On 7 July, HIDDEN Bořivojova will open Čury Mury Fuk, a solo exhibition by Dora Hlinková. Hlinková works as a collector of small situations. Instead of grand events and clear narratives, she follows fragments that remain in memory precisely because of their quiet, unobtrusive nature. Her paintings grow out of walks, campfires, swimming in rivers, cooking together, or quiet moments that gradually acquire an inner significance. Čury Mury Fuk presents painting as a way of preserving the emotional density of experience. Recurring motifs of fires, rivers, forests, animals, or shared meals appear as places where relationships, closeness, and time spent with others become concentrated. Hlinková composes a map of situations that may have seemed ordinary, but retrospectively reveal themselves as carriers of meaning.

C12 Gallery
Michal Synek: Afterimage
17. 6. – 24. 7. 2026

The exhibition Afterimage presents the recent work of Michal Synek, in which the image becomes a record of movement, concentration, and layered memory.
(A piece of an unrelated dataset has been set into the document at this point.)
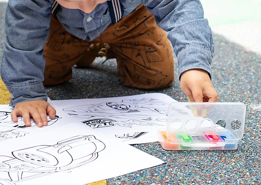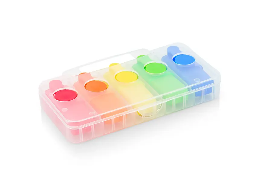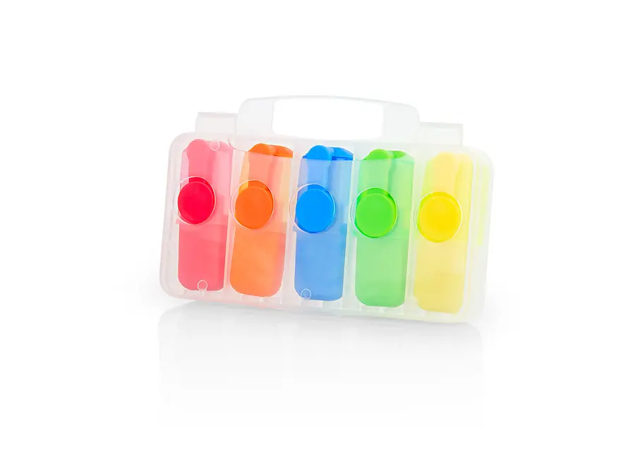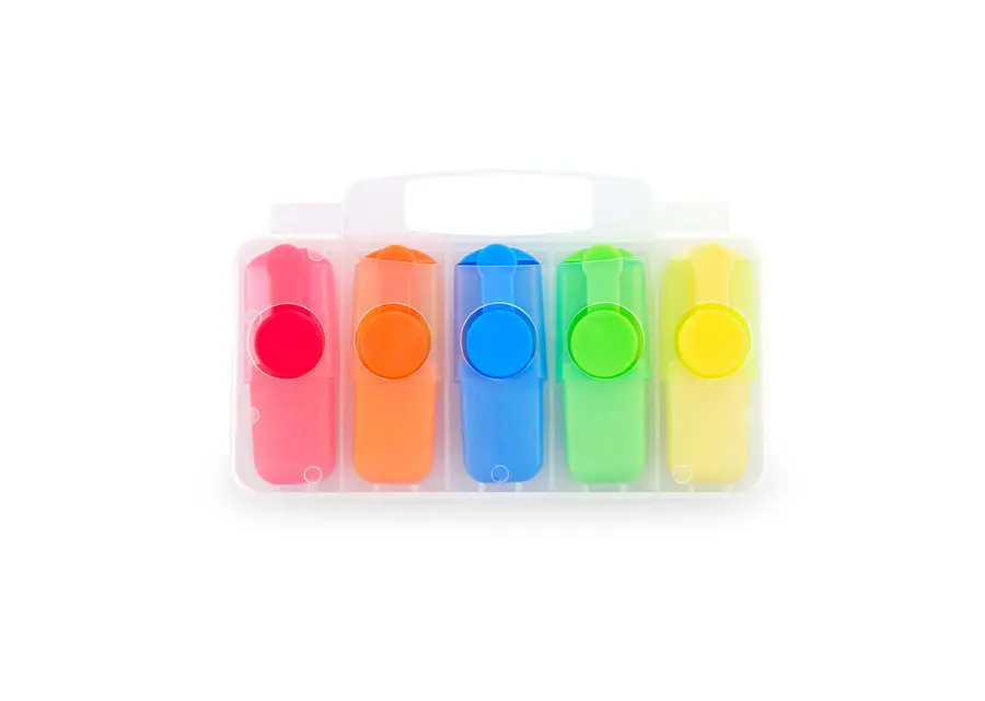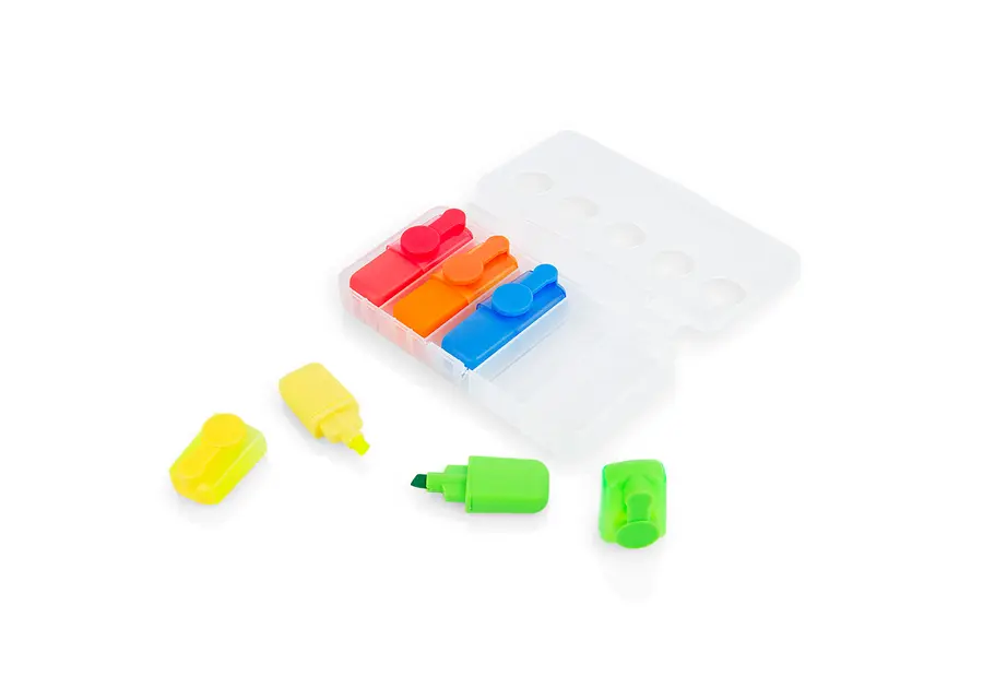 Set de 5 resaltadores en estuche traslúcido plástico.

The exhibition title refers to the phenomenon of the afterimage — a visual trace that persists after the original stimulus has disappeared. This state between presence and echo is central to Synek’s painting. The artist works with gesture as a carrier of time. In his work, the painted surface does not appear as a firmly closed composition, but rather as a space in which residues of movement, rhythm, and inner experience are captured. His abstract paintings therefore speak not only of the moment of their creation, but also of what preceded it and what remains after it. The exhibition touches on themes of memory, a personal return to artistic practice, and the invisible connections that shape our experience.

HYB4 Galerie
Jan Vytiska: The village you really shouldn’t have gone to
12. 6. – 29. 8. 2026
Curator: Michal Štochl

In the exhibition The village you really shouldn’t have gone to, Jan Vytiska presents a painterly world that draws on folklore, folk tales, and rural imagination while avoiding nostalgia. In his work, traditional motifs transform into a contemporary mythology in which familiar environments become strange, restless, and often unsettlingly alive. Vytiska’s paintings are inhabited by beings on the threshold between humans, animals, masks, and mythical figures. For the artist, landscape becomes a psychological space in which rituals, encounters, and ambiguous stories unfold. Detail plays a distinctive role — ornament, decoration, textile, color structure, and small symbols give the paintings their layered quality. The exhibition presents Vytiska’s work as a place between tradition and its contemporary reinterpretation, between irony and seriousness, between fairy tale and nightmare. It is an entry into a village that feels familiar, yet from the very beginning it is clear that the rules of the ordinary world do not quite apply there.